What to produce:
Ignoring every picture, return the lines of the listing below word for word, from the line that holds "4くみの教室の掃除の仕方を,確認しました" through the line that holds "整個廚房的設計有別于傳統(t".

Stored data:
---*---

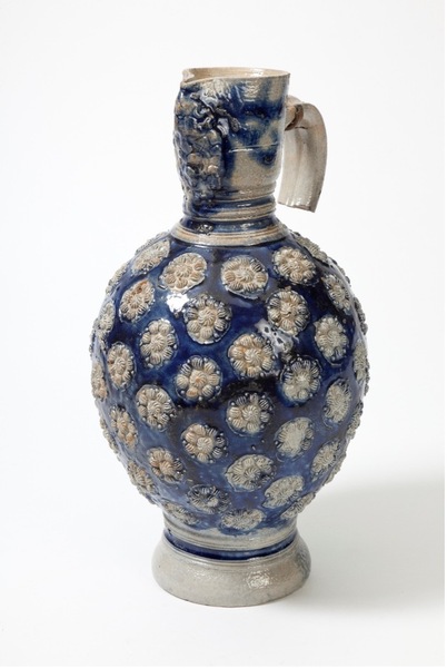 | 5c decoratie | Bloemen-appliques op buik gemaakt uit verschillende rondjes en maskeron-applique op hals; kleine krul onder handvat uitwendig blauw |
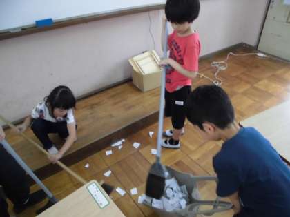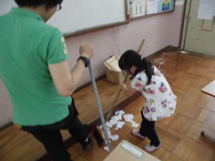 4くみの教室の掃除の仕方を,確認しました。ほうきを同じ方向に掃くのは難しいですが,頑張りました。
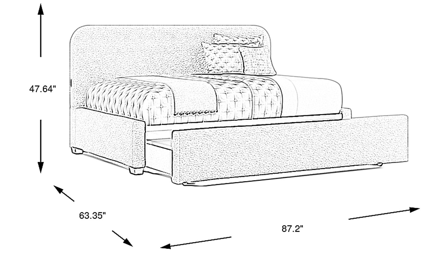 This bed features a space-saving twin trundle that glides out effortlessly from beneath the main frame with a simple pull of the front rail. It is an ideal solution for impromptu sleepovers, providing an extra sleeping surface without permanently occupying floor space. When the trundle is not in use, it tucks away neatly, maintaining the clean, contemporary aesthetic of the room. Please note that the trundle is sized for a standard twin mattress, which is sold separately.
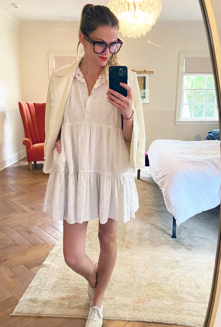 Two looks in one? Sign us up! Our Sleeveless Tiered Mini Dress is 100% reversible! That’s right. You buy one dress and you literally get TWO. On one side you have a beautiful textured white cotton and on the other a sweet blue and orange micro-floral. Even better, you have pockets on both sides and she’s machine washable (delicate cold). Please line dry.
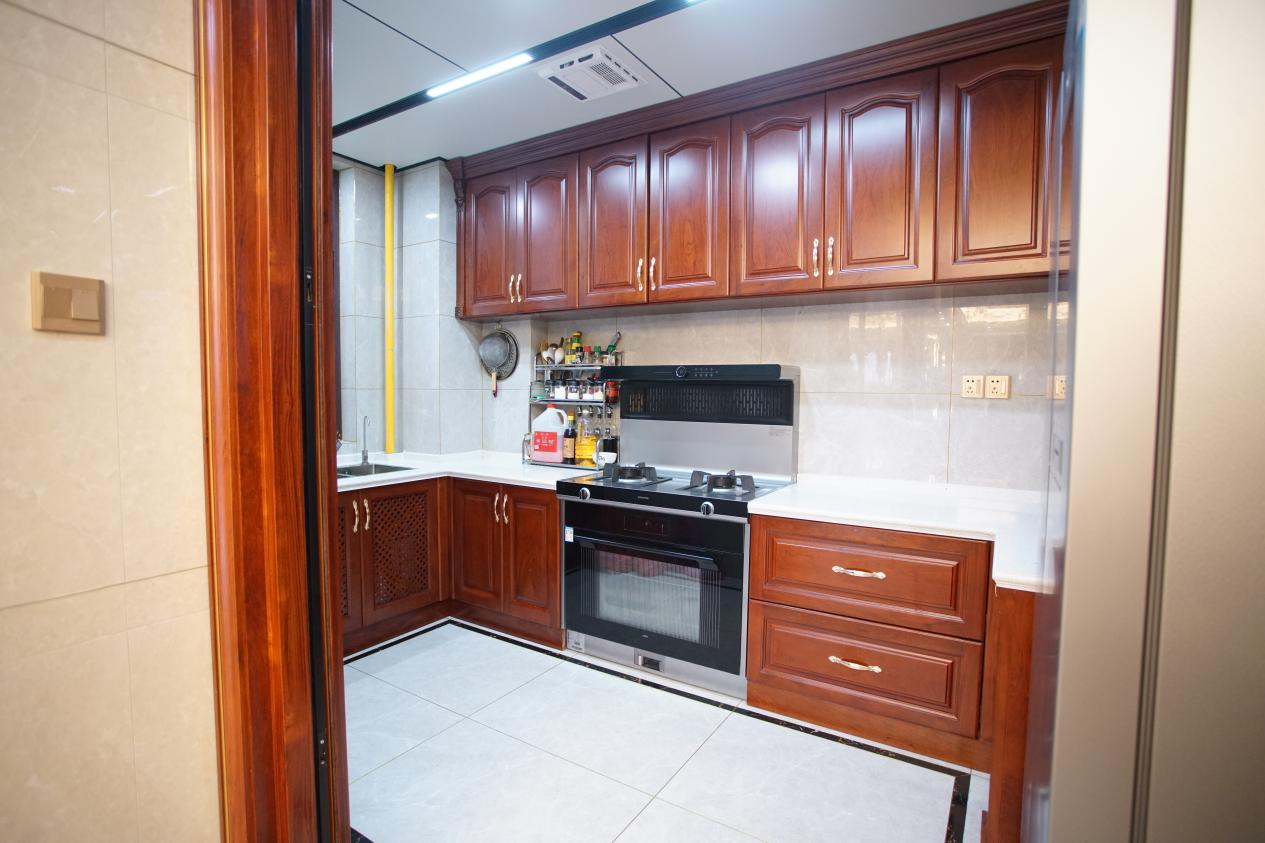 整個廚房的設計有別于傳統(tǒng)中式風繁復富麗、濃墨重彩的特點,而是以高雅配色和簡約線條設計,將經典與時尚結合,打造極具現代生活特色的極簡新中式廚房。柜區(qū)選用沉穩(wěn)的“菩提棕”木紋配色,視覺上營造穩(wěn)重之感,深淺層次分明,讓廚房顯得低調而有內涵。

---*---

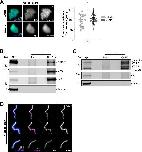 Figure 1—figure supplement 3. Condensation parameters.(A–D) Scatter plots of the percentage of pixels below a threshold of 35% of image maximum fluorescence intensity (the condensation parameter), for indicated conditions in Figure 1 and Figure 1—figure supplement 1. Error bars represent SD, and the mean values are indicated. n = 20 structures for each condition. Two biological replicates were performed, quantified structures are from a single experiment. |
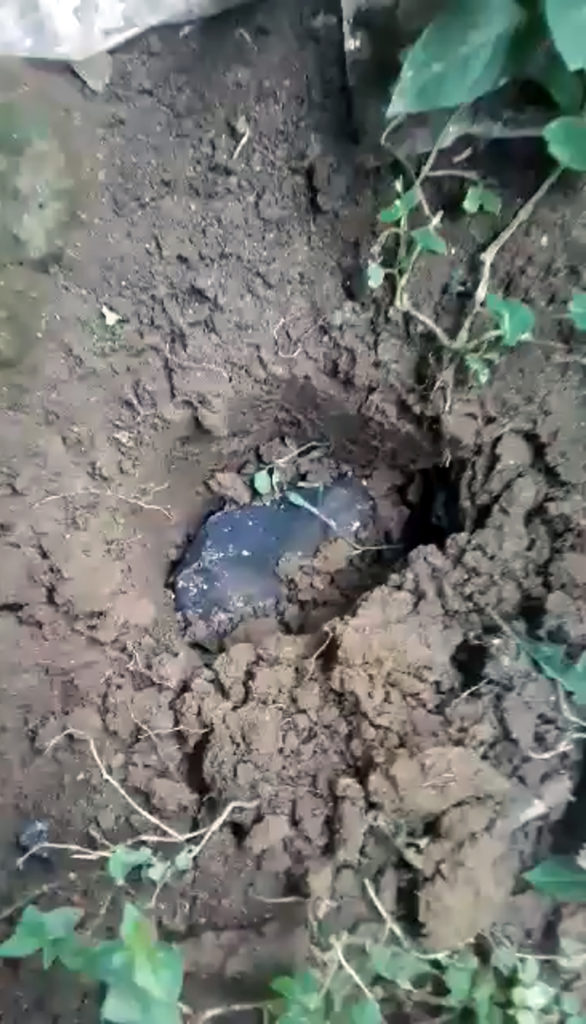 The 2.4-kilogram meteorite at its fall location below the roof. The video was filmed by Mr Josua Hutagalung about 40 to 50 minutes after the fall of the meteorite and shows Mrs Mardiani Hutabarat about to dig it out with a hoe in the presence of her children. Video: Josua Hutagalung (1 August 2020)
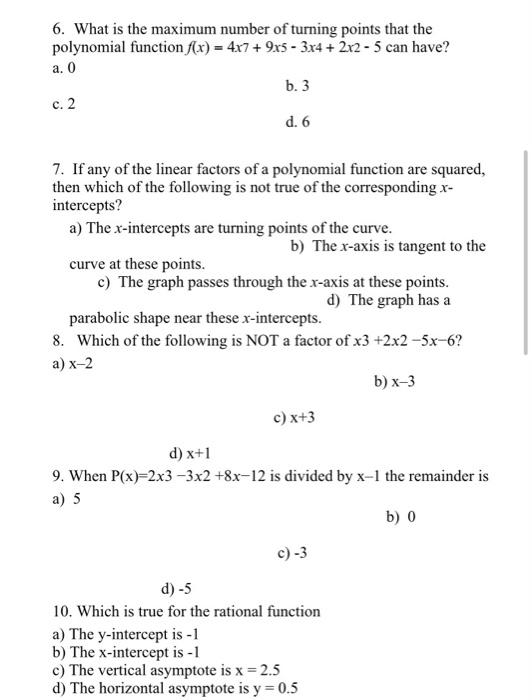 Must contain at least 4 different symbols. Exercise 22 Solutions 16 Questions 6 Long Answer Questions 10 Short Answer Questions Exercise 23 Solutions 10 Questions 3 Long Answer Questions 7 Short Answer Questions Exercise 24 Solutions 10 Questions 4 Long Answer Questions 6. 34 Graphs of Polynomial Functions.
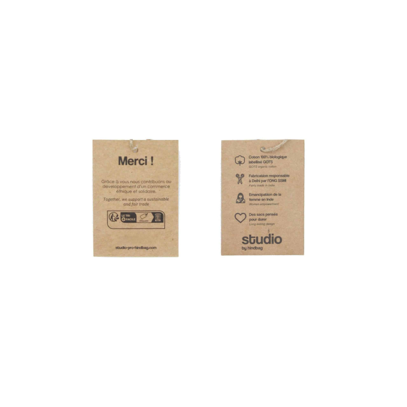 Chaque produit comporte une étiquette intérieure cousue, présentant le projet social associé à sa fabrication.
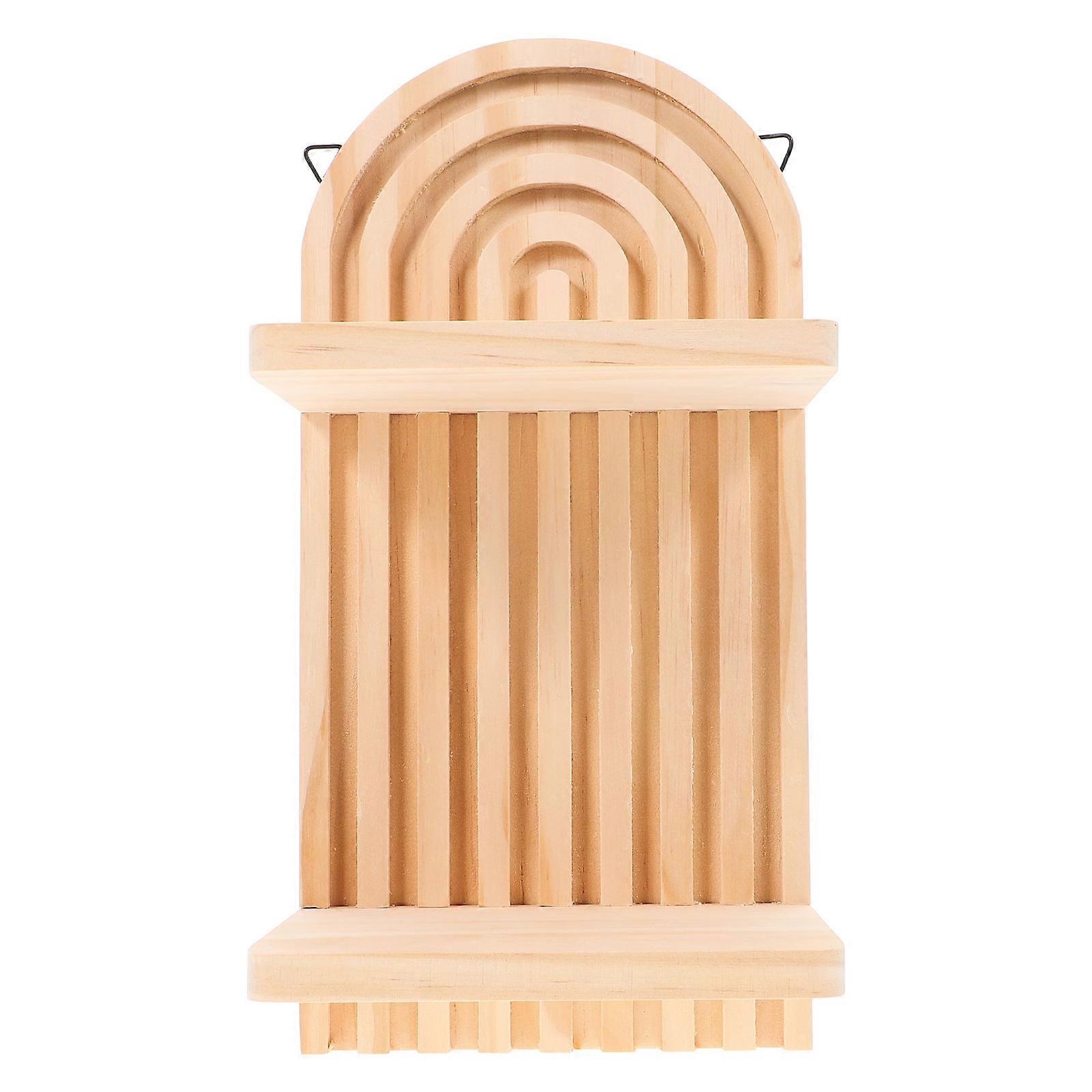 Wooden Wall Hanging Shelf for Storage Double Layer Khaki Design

---*---

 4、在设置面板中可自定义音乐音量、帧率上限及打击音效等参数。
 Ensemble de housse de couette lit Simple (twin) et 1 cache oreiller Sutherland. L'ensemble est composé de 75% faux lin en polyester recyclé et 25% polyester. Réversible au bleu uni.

---*---

Result for this exercise:
 4くみの教室の掃除の仕方を,確認しました。ほうきを同じ方向に掃くのは難しいですが,頑張りました。
 This bed features a space-saving twin trundle that glides out effortlessly from beneath the main frame with a simple pull of the front rail. It is an ideal solution for impromptu sleepovers, providing an extra sleeping surface without permanently occupying floor space. When the trundle is not in use, it tucks away neatly, maintaining the clean, contemporary aesthetic of the room. Please note that the trundle is sized for a standard twin mattress, which is sold separately.
 Two looks in one? Sign us up! Our Sleeveless Tiered Mini Dress is 100% reversible! That’s right. You buy one dress and you literally get TWO. On one side you have a beautiful textured white cotton and on the other a sweet blue and orange micro-floral. Even better, you have pockets on both sides and she’s machine washable (delicate cold). Please line dry.
 整個廚房的設計有別于傳統(tǒng)中式風繁復富麗、濃墨重彩的特點,而是以高雅配色和簡約線條設計,將經典與時尚結合,打造極具現代生活特色的極簡新中式廚房。柜區(qū)選用沉穩(wěn)的“菩提棕”木紋配色,視覺上營造穩(wěn)重之感,深淺層次分明,讓廚房顯得低調而有內涵。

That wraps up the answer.